第14話 玉手箱封印

落ち着け、私。城君の通っている美容院が判明したところで、何もできないではないか。その美容院は一般的なカット料金だった。私の行きつけの美容院と何ら変わりのない料金だ。

しかし、そこの美容院に行ったとして、城君に合える保証はどこにもない。万が一、城君に遭遇したところで、会話など出来るはずがない。


行きつけの美容院で知り合いや、友人と遭遇したとしても、居心地が悪いし、会話など出来ない。それと同じ様なものだろう。


私はネット探偵したところで、骨折り損のくたびれ儲けに終わった、、、。


そうだ。そうなんだよ。都内に住んでいるからと言って、芸能人が多く住むような区でもない限り、偶然出くわすなんてこともないし、美容院が同じだったところで、何も変わらないんだよ。

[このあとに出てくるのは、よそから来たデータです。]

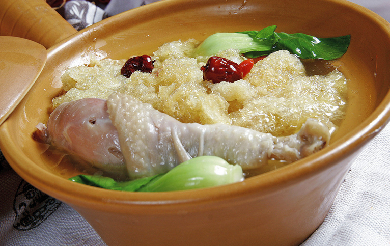 外形很像石首长江边的笔架山,鳔内有红色的笔架山图案,笔架鱼肚因而得名。每年春节,这道菜都是石首人年夜饭的头牌。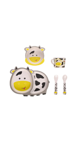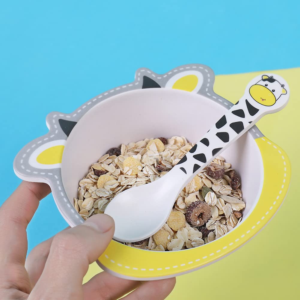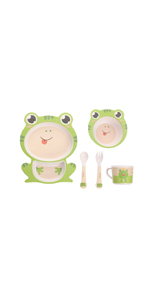 - Healthy Material-This cartoon tableware set is made of bamboo fiber,Use food-grade food plant colouring,non-toxic, odorless and environmentally friendly.
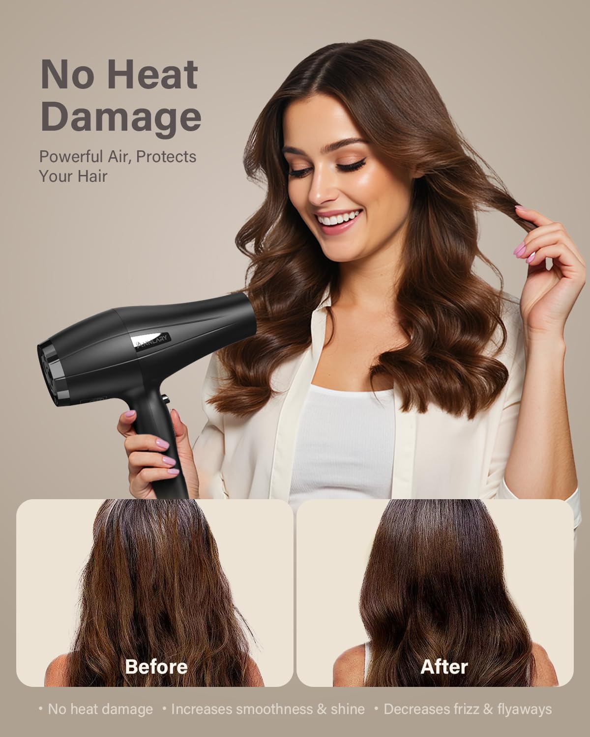 Cuidado iónico y protección térmica inteligente: millones de iones negativos combaten el encrespamiento, bloquean la humedad y aumentan el brillo para un cabello de aspecto más saludable. El control inteligente de temperatura NTC evita el calor excesivo, protegiendo tanto tu cabello como la secadora mientras garantiza un secado seguro y eficaz.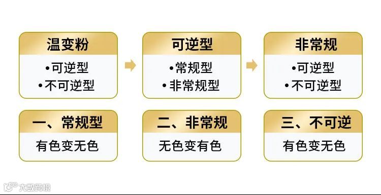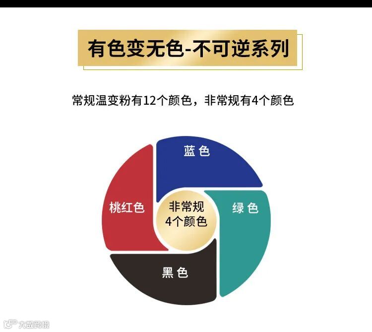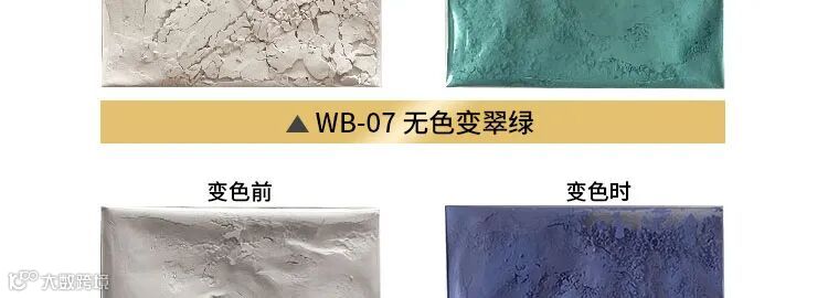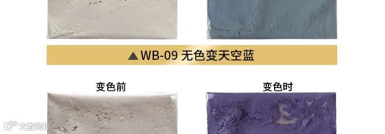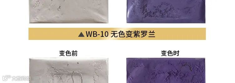 辉彩温变粉是由电子转移型有机化合物体系制备的。这种变色物质不仅颜色鲜艳,而且可以实现从“有色===无色”状态的颜色变化,这是重金属复盐络合物型和液晶型可逆感温变色物质所不具备的。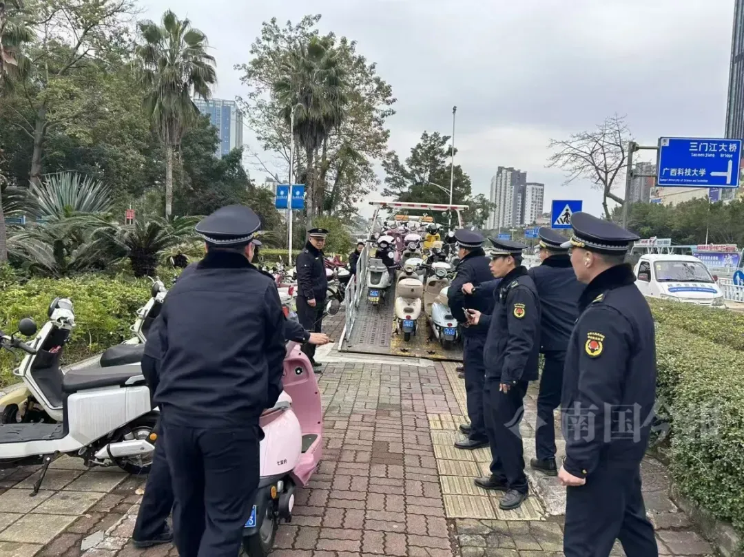 1月22日,针对市民多次反映的出租电动车占用公共车位问题,柳州市城中区综合行政执法局在文昌路、晨华路等路段开展专项整治,依法对83辆占道经营的出租电动车采取证据登记保存措施。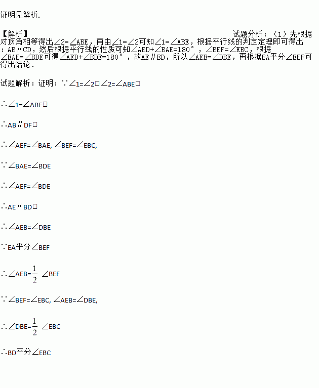 如图,∠1=∠2,∠BAE=∠BDE,EA平分∠BEF.求证:BD平分∠EBC.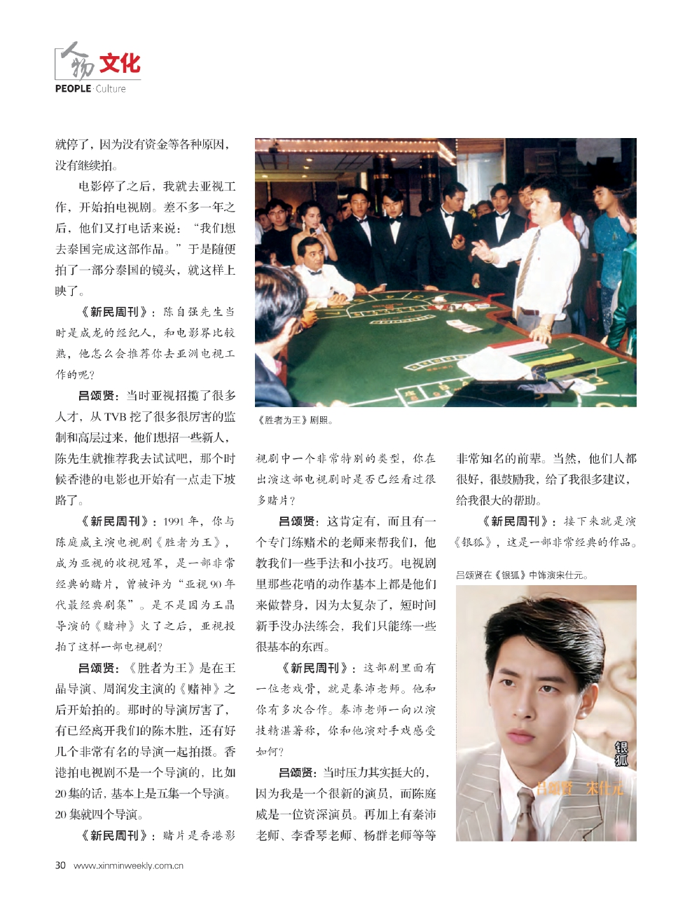 吕颂贤:《胜者为王》是在王晶导演、周润发主演的《赌神》之后开始拍的。那时的导演厉害了,有已经离开我们的陈木胜,还有好几个非常有名的导演一起拍摄。香港拍电视剧不是一个导演的,比如20集的话,基本上是五集一个导演。20集就四个导演。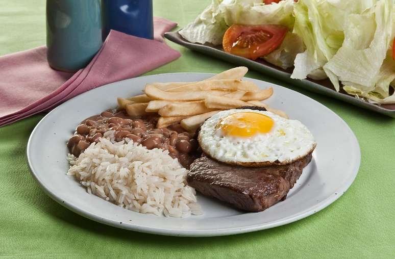 - Sirva cada bife com um ovos em cima e guarneça com a salada. Sirva acompanhado de arroz, feijão e batata frita.

自分で気づいたはずじゃないか。写真集を見ながら、これは恋ではないと。

若手俳優を応援する、ただの一ファンだと。


さっきまでの深い探求心がサーッと引いてくのが感じられた。


そうだよ。私は43歳の、地味でそこら辺にいるオバサンだよ。しかも仕事のできるワーキングウーマンでもないどころか、3年間無職のニートだよ。半ひきこりのどうしようもない干物女が、何か行動を起こさない限り、否、起こしたとしても何もそこにはないんだよ。


急に虚無感に襲われた私はまたビール缶に手を出していたのだった。